Nicht nur die Lofts der Schlägerköpfe können sich bei Anfängern und Fortgeschrittenen stark unterscheiden, auch der Schaft des Schlägers spielt eine maßgebliche Rolle bei Kontrollierbarkeit, Fehlerverzeihung und maximaler Länge. Heutzutage werden fast alle Hölzer mit Graphitschäften ausgeliefert. Diese bieten einfach das beste Verhältnis aus Gewicht und Flexibilität. Dabei gibt es jedoch viele kleine Unterschiede. Für Herren ist meistens ein Schaft in regular Flex (R) empfehlenswert, für Senioren, Damen und Anfänger eher ein Schaft in Amateur-Flex (A) oder Ladies-Flex (S). Nur extrem sportliche Spieler und fortgeschrittene Golfer profitieren von einem steifen Schaft (S oder X). Bevor man jedoch zu einem steifen Schaft wechselt, sollte man wirklich auf dem Trackman oder Flightscope sicherstellen, dass dieser wirklich die gleiche Länge oder mehr aus dem Golfschwung herausholt. Ein steifer Schaft hat auch Nachteile. Mit der Steifigkeit gehen  Kontrolle und Fehlerverzeihung ein wenig verloren.
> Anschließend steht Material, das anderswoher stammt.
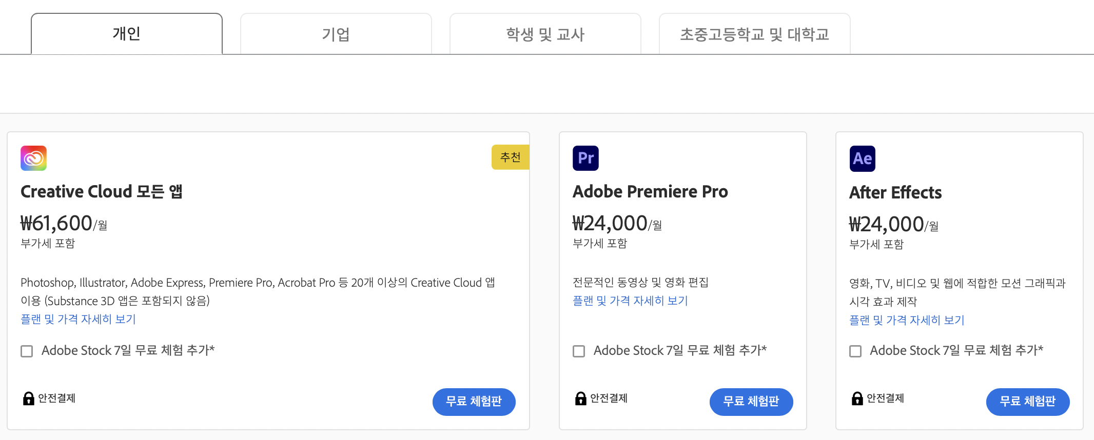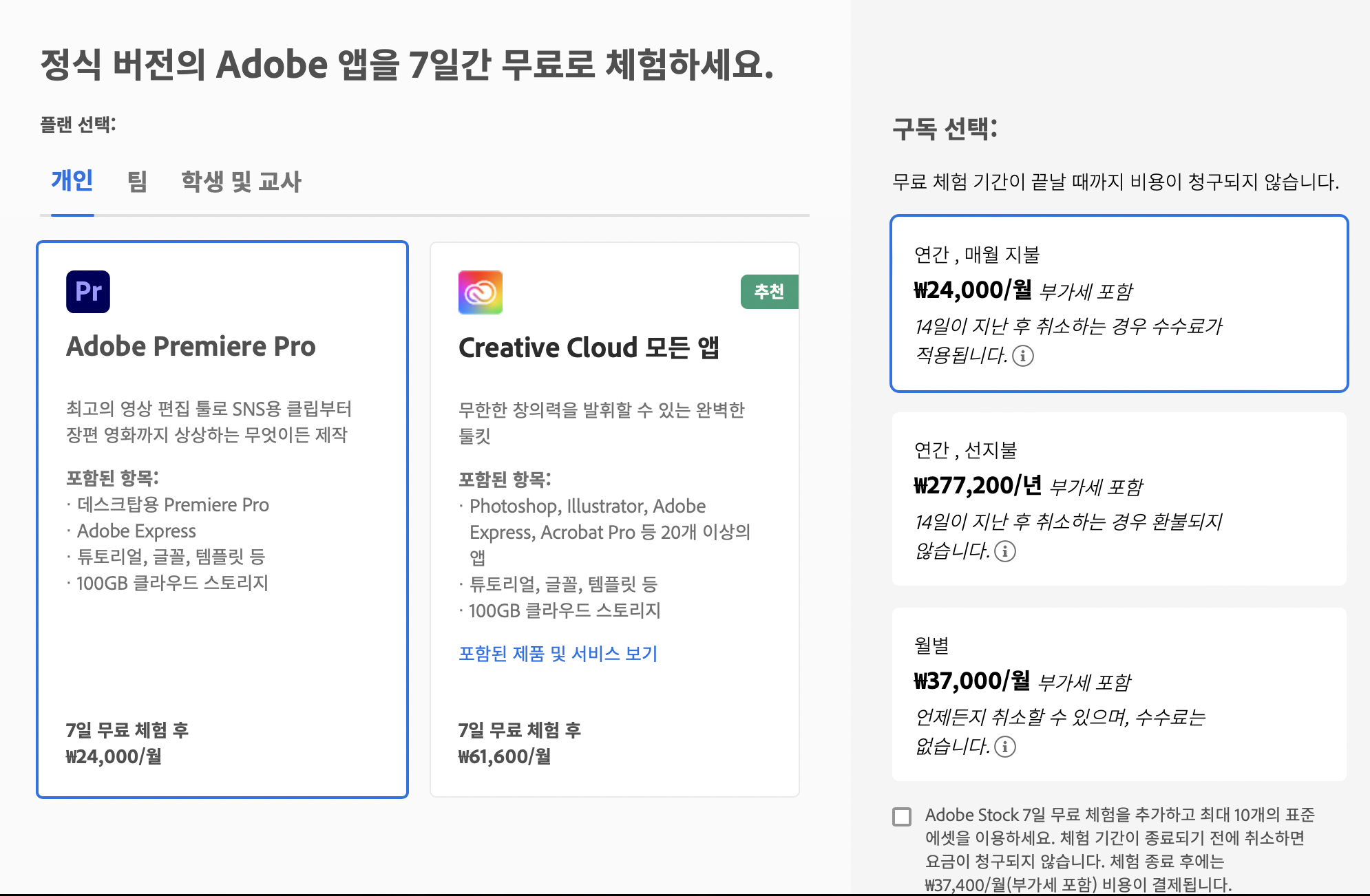 어도비는 프리미어 프로를 사용하고자 하는 사람들에게 사용자 유형별로 다양한 정기 구독 플랜을 제공합니다.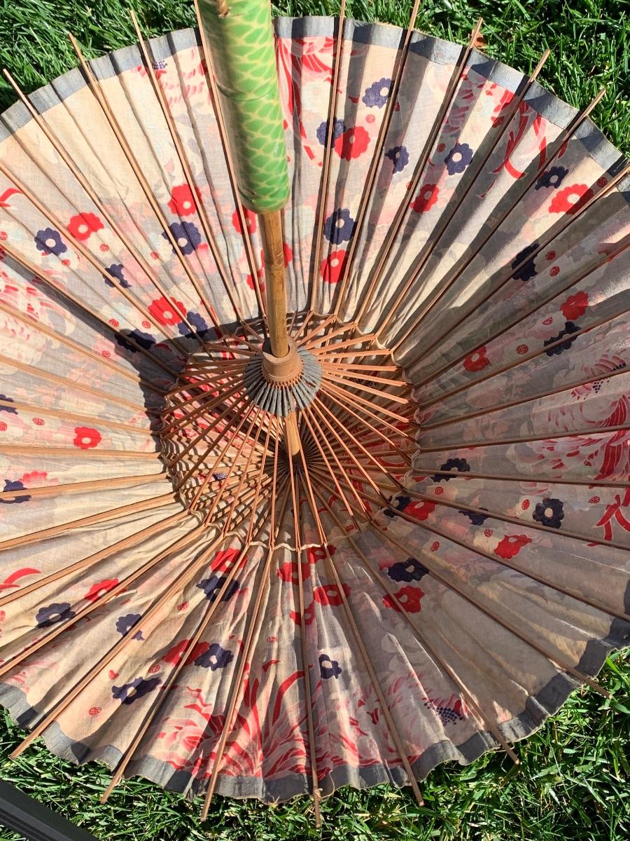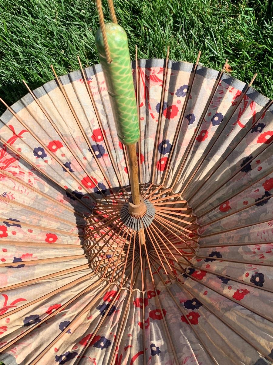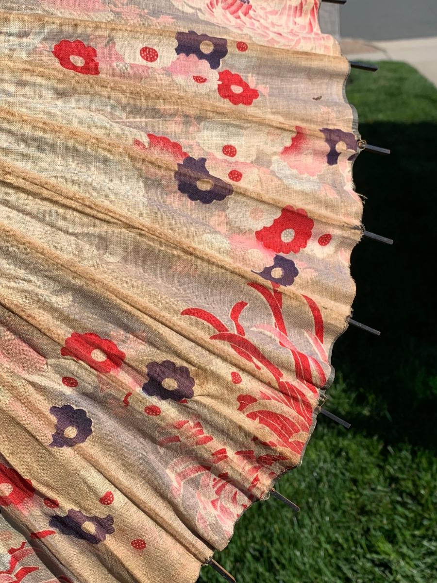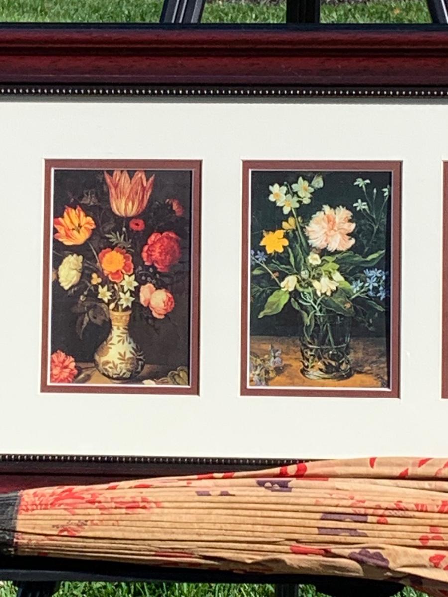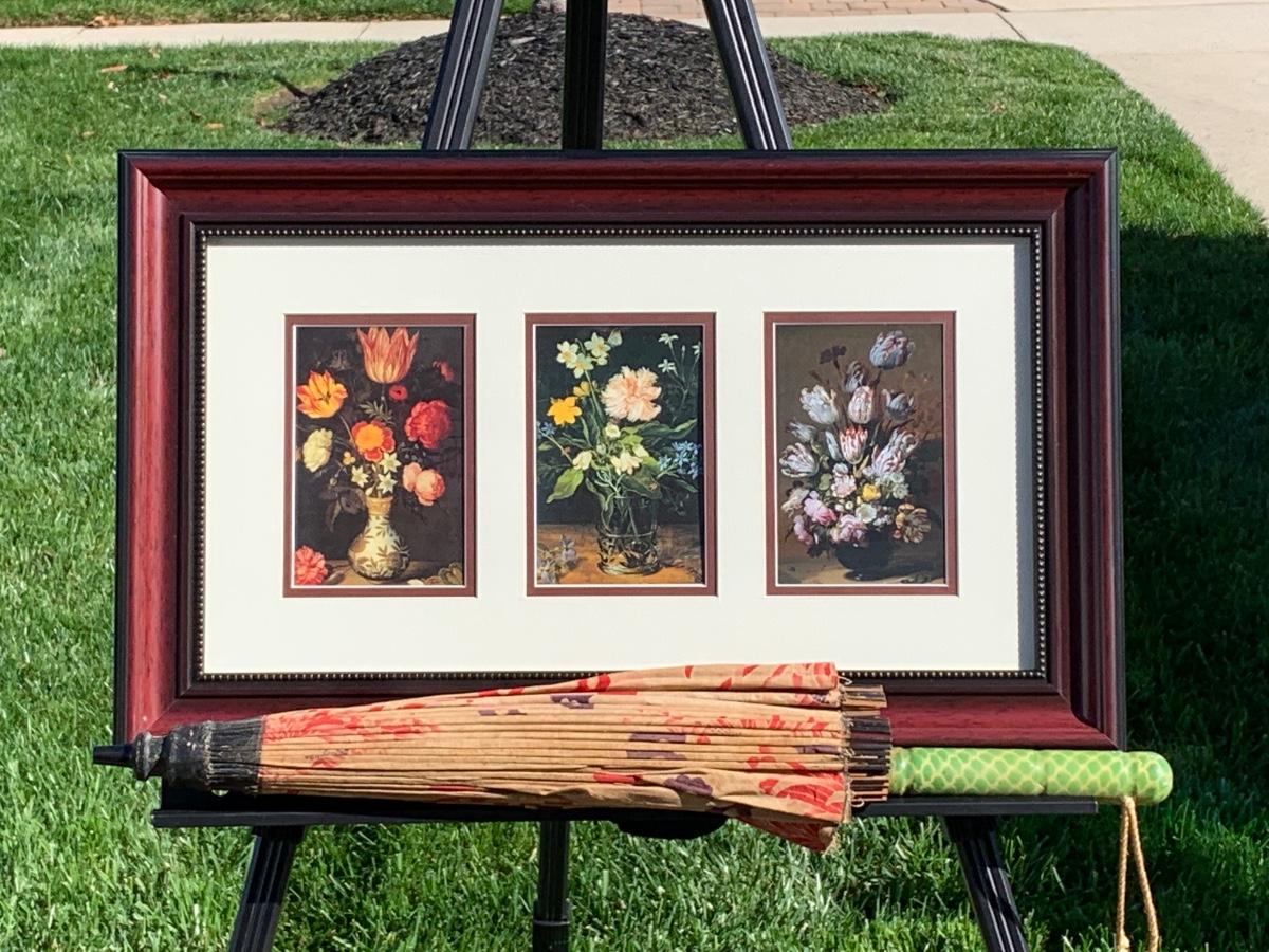LOT 135: Vintage Fabric Parasol and Framed Floral Prints

Zusätzlich kann bei den Schäften noch jede Menge Feintuning betrieben werden. Die Schäfte kommen nämlich nicht nur in den verschiedenen Steifigkeiten (A-, L-, R-, S-, und X-Flex), sondern haben auch jeweils unterschiedliche Biegeprofile. Das nennt sich unter anderem “Mid Kick, Low Kick und High Kick”. Die Auswahl ist jedoch beinahe unerschöpflich und hier tendenzielle Empfehlungen zu geben würde den Rahmen sprengen. Ein Besuch beim Golflehrer oder Clubfitter ist beim Fortgeschrittenen Spieler sicherlich empfehlenswert. Denn ein gutes Holz kann einem Spieler viel Ärger ersparen und ausgezeichnete Resultate liefern.

Der CouchNerd wünscht viel Spaß beim Ausprobieren!